Hello everyone,,
I just finished grad school with a major in information assurance and cybersecurity and i'm confused whether to take the CAP or CISSP. There is very little information on cap and a lot of information on SSCP and CISSP. I have 5 year of experience working in an IT field. Also there is a clause about an expert endorsing your after you've taking the exams. Can someone please help me?
CAP is aligned very tightly to the RMF which is mandated for use in US federal agencies:
https://www.isc2.org/Certifications/CAP
CISSP is seen as the gold standard for Information Security professionals so has a much wider ranging appeal in terms of job roles for which it may be required / desired:
https://www.isc2.org/Certifications/CISSP
Choose which one fits with your aspirations if you only want to earn one - there's nothing stopping you from earning both!
The endorsement process requires that an existing ISC2 member vouches for your experience. If you don't know any ISC2 members then ISC2 themselves can act as your endorser:
https://www.isc2.org/Endorsement
If you are fairly new to the infosec world you might want to consider the SSCP, as you do mention it. Some of the guys who work with me are taking this route as they are just starting out on their careers. The SSCP gives them a great foundation and is an achievable certification for both job satisfaction and professional development while they are building up those required 5 years needed for CISSP certification.
To me all the certifications have their own value. As someone who has interviewed a lot of job applicants over the years, seeing you holding any certification tells me you are serious about investing time in your personal development but I always ask what your motivation was for a certification as well. Interview candidates who are successful articulate they did it to improve themselves and learn, those that did it to improve their job chances typically fail the interview.
wrote:Hello everyone,,
I just finished grad school with a major in information assurance and cybersecurity and i'm confused whether to take the CAP or CISSP. There is very little information on cap and a lot of information on SSCP and CISSP. I have 5 year of experience working in an IT field. Also there is a clause about an expert endorsing your after you've taking the exams.
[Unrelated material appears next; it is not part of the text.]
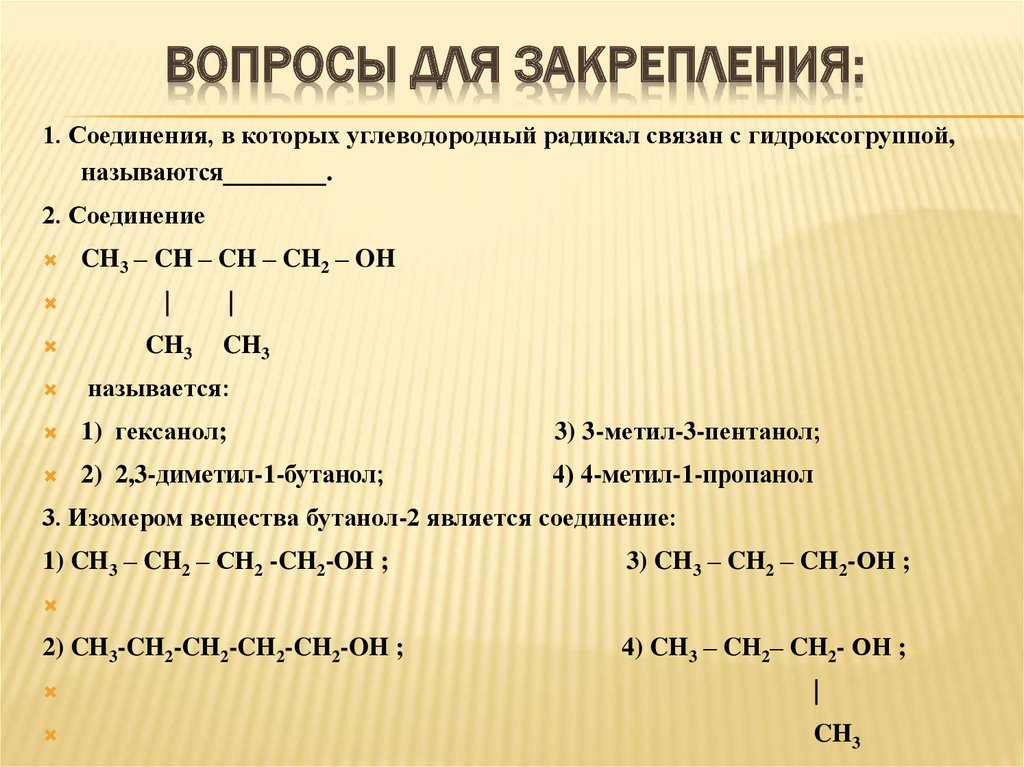 ВОПРОСЫ ДЛЯ ЗАКРЕПЛЕНИЯ:1. Соединения, в которых углеводородный радикал связан с гидроксогруппой,

Can someone please help me?
https://besttoasterovenguides.com/best-large-toaster-oven/
CAP and CISSP certification revolve around different themes: CAP focuses on security audits and compliance, while CISSP is completely related to network security. Compared with the five years required by CISSP, CAP certification candidates only need two years of experience.
> sandra854 (Viewer) edited a reply in Exams on 01-25-2021 02:53 PM in the (ISC)²
> I just
> finished grad school with a major in information assurance and cybersecurity and
> i'm confused whether to take the CAP or CISSP.
If you are specifically pursuing an infosec job with the US federal government, then you might want to sit the CAP, but you probably want to sit the CISSP first in any case.